Exercise: add fixture scripts

  • Develop one or more fixture scripts to represent typical starting scenarios within your application

  • Create a custom AppManifest to automatically install this fixture each time the app is run

Associations

  • Associations relate entities together

    • 1:1 or 1:m

    • unidirectional or bidirectional

  • Implemented either as a foreign key or as a join table

IntelliJ Live Templates

  • For properties:

    isp jdo
  • For collections:

    isc jdo

Unidirectional 1:1 Reference Property

  • eg reference to a lookup/static data

  • corresponds to a simple foreign key

    public class Product {
        ...
      @Column(allowsNull = "false")
      @Property()
      @Getter @Setter
      private TaxRate taxRate;
    }

Bidirectional 1:m Collection

  • eg order/order-detail, an aggregate root with child elements

  • corresponds to a foreign key, traversed in both directions

    public class Order {
        ...
      @Persistent(
        mappedBy = "order",
        dependentElement = "true"
      )
      @Collection()
      @Getter @Setter
      private SortedSet<OrderItem> orderItems =
                            new TreeSet<OrderItem>();
    }

Bidirectional 1:m Join-table

  • to avoid the FK in the "many" side of the association

public class Customer {
  ...
  @Persistent(
    mappedBy = "customer",
    dependentElement = "false"
  )
  @Join
  @Collection()
  @Getter @Setter
  private SortedSet<Order> orders =
                        new TreeSet<Order>();
}

Collection domain-layer semantics

  • The Apache Isis @Collection annotation is used to specify domain-layer semantics

    • whether to raise a domain event on internal event bus

Collection UI-layer semantics

  • The .layout.xml cols can reference collection via the <collection> element

  • Can specify same info as @CollectionLayout annot’n

    • override name inferred from code

    • CSS class, description

    • default view (table, hidden, …​)

    • page size

    • how to sort (if not default)

Exercise: entity associations

  • Associate the entities of your domain model

    • update .layout.xml as you do so for the new reference properties and collections

  • Update your fixture scripts to set up example objects

Actions

  • Any public method is an action

    public class Customer {
      public Order placeOrder(
          Product p,
          int quantity) {
        ...
      }
    }
  • Contains arbitrary business logic

  • Object returned is rendered next

Action parameter names

  • Java bytecode (prior to JDK 8) does not capture parameter name

  • Use @ParameterLayout to specify parameter name for primitives

public class Customer {
  public Order placeOrder(
      Product p,
      @ParameterLayout(named="Quantity")
      int quantity) {
    ...
  }
}

paraname8 module

  • Alternatively, configure the paraname8 module

  • One of a number of (non-ASF) modules catalogued at Isis  Addons.

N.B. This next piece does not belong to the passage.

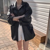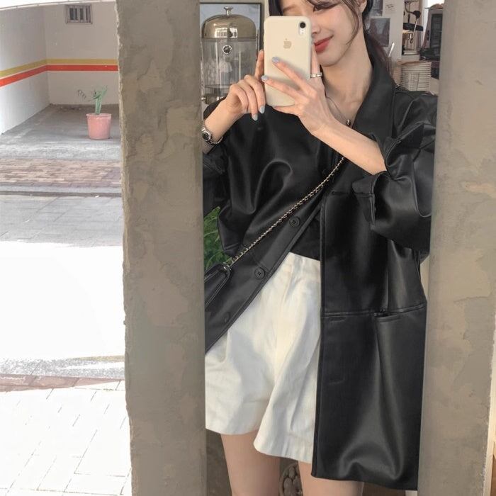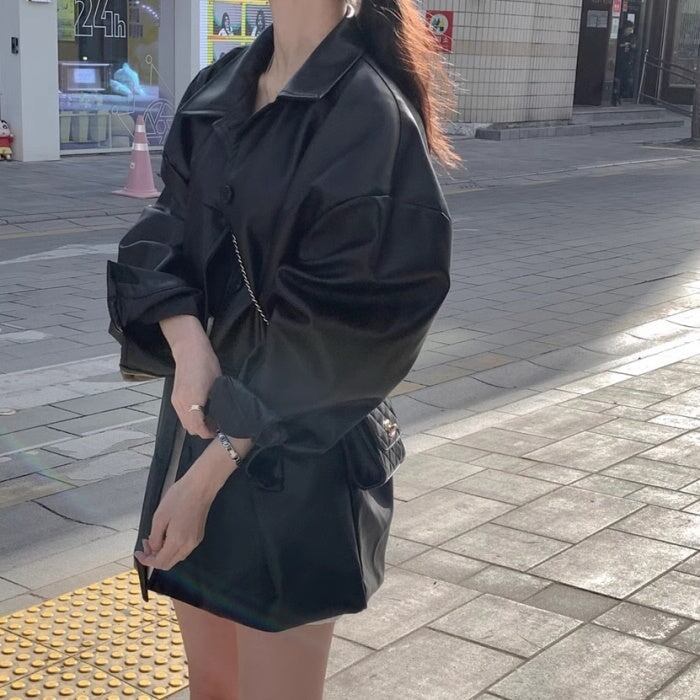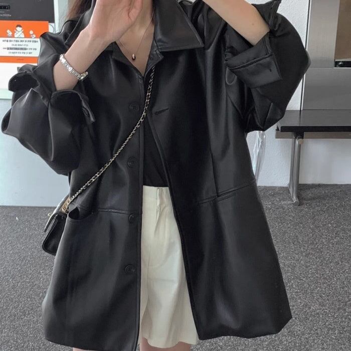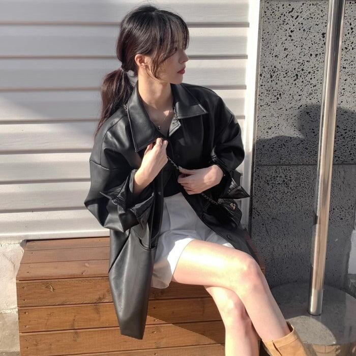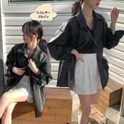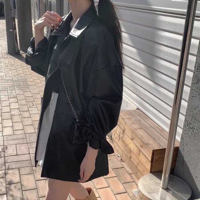 フェイクレザー ブルゾン レディース 韓国 ファッション エコレザー ロングジャケット オーバーサイズ 春 アウター

Action domain-layer semantics

  • The Apache Isis @Action annotation is used to specify domain-layer semantics

    • whether to raise a domain event on internal event bus

    • semantics (idempotency etc)

    • 'are you sure' indicator

    • if can invoke on collection of objects, not just one

    • whether show in prototyping mode only

Action UI-layer semantics

  • The .layout.xml can reference action via the <action> element

  • if contained within:

    • fieldset, render on panel

    • property, render below that property

    • collection, render on collection’s header

    • if contained within a <col>, render in that location

Action UI-layer semantics (ctd)

  • Can specify same info as @ActionLayout annotation

    • override name inferred from code

    • CSS class, description

    • whether to bookmark (for query-only actions)

    • fine-tune the position as button vs drop-down

    • either using .layout.xml or using @MemberOrder.

  • associate an actions with a property or a collection

Action UI-layer semantics (ctd)

  • can optionally use @MemberOrder annotation

    • associate to a property or collection (using #name)

    • saves listing all properties in the .layout.xml

  • Not possible to specify all layout options with annotations (eg no tabs)

  • Not dynamically reloadable (whereas .layout.xml is)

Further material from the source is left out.